Regarding to 5-keto-D-fructose (5KF) production by acetic acid bacteria, the first report was done in 1960 by Terada et al. [Citation1–Citation4]. They identified the unknown substance from D-fructose oxidation to be 5KF. Formation and utilization of 5KF were reported with Gluconobacter cerinus IFO 3267 [Citation5]. Thereafter, a membrane-bound D-fructose dehydrogenase (FDH, EC 1.1.99.11) catalyzing 5KF formation from D-fructose was purified and characterized as a flavoprotein dehydrogenase-cytochrome complex from the membrane fraction of Gluconobacter industrius IFO 3260 (renamed as Gluconobacter japonicus NBRC 3260) [Citation6]. Later, the genes encoding FDH of NBRC 3260 was identified as fdhSCL and its high expression strain was also constructed [Citation7]. Since the first description of 5KF production by acetic acid bacteria, many efforts have been done to create a strain for better 5KF production [Citation8–Citation11]. 5KF has been evaluated as a natural sweetener with low calorie [Citation1,Citation12,Citation13] that can be substituted with D-glucose preventing metabolic diseases caused by high blood glucose level. Deppenmiere’s group reported 5KF production from D-fructose with genetically modified Gluconobacter oxydans strains where they used plasmid-based fdh of G. japonicus NBRC 3260 [Citation8] or G. japonicus LMG 1281 [Citation9]. Later, Battling et al. [Citation11] reported 5KF production from D-fructose with a novel plasmid-free strain of G. oxydans. The two groups of German scientists elaborated bacterial strains for 5KF production but the principle has remained within the same scope of Terada et al. [Citation1–Citation4] who used D-fructose as the starting material for 5KF formation. Deppenmiere’s group also reported 5KF production from sucrose, instead of D-fructose, with G. oxydans strain having chromosome-integrated fdh of G. japonicas NBRC 3260 and invertase gene of G. japonicus LMG 1417 [Citation10]. In this case, sucrose was efficiently converted to D-fructose and D-glucose, then the D-fructose to 5KF efficiently, but the D-glucose remained in the culture medium.

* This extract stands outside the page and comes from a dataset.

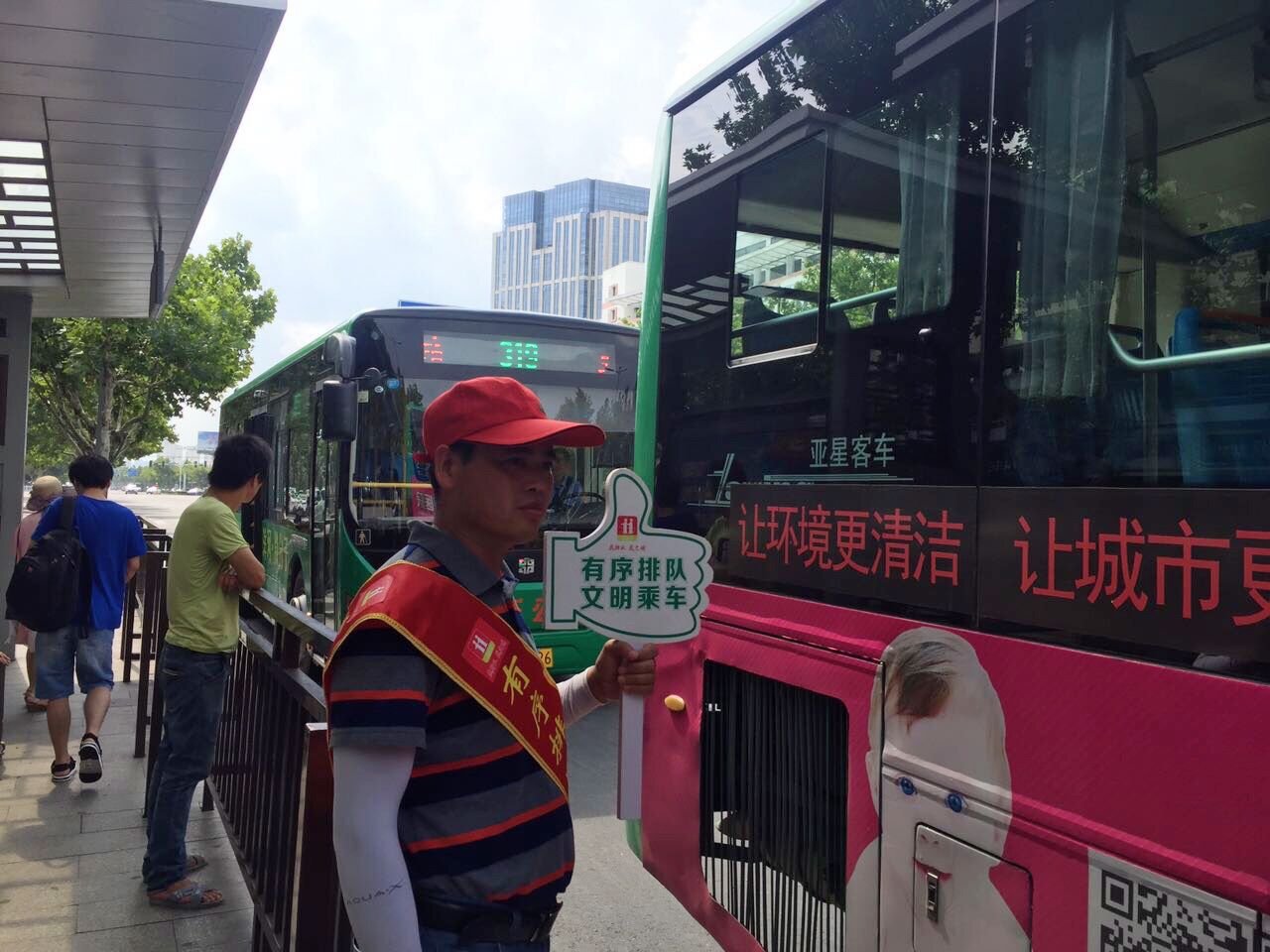 7點(diǎn)30分,志愿者們身穿紅馬甲、頭戴小紅帽、手持文明標(biāo)語(yǔ)牌,準(zhǔn)時(shí)出現(xiàn)在市區(qū)各個(gè)公交車站點(diǎn),引導(dǎo)廣大市民踐行“有序排隊(duì),文明乘車”。他們耐心地給乘車人員講解文明城市創(chuàng)建知識(shí),傳播文明常識(shí);遇到有困難的乘車人員,他們主動(dòng)攙扶;遇到不理解的市民,他們始終微笑服務(wù)、耐心勸導(dǎo),用自己的實(shí)際行動(dòng)詮釋志愿者精神。

We tried to look for alternative convenient substrates for 5KF production as well as a better 5KF producing strain among isolated wild strains. D-Mannitol was chosen as the most promising substrates. The reason came from the metabolic characteristics of acetic acid bacteria. In general cases of the oxidative fermentation catalyzed by the cytoplasmic system of acetic acid bacteria, D-sorbitol is oxidized predominantly to L-sorbose and D-mannitol to D-fructose. Crude membrane fraction of Gluconobacter frateurii CHM 43 showed a strong FDH activity (0.8–1.0 unit/mg protein) comparable to that of G. japonicus NBRC 3260 (0.7–1.0 unit/mg) [Citation6]. When G. frateurii CHM 43 was grown in D-mannitol medium, D-mannitol initially added was consumed, then D-fructose accumulation started within 3 days. Thereafter, 5KF accumulation came to the maximum level while D-fructose disappeared rapidly ()). The pH of the culture medium gradually decreased to 4.0. The bacterial growth showed a biphasic ()). The first phase was brought by D-mannitol oxidation and the second by D-fructose oxidation. In ), an aliquot of the culture supernatant along the cultivation was spotted on a TLC sheet. After it was developed and dried well, the TLC sheet was sprayed by an alkaline-triphenyl tetrazolium chloride (TTC) solution. D-Fructose and 5KF reacted with TTC but not D-mannitol. Since one ketone moiety is found in the molecule of D-fructose and two in 5KF, TTC reacted stronger with 5KF than D-fructose. When D-fructose formation during cultivation was assayed enzymatically, D-fructose accumulated as high as 82% to D-mannitol initially added, though D-fructose looked small from TLC chromatography. 5KF accumulated in the culture medium was finally measured to be 65% to the amount of D-mannitol initially added as shown in .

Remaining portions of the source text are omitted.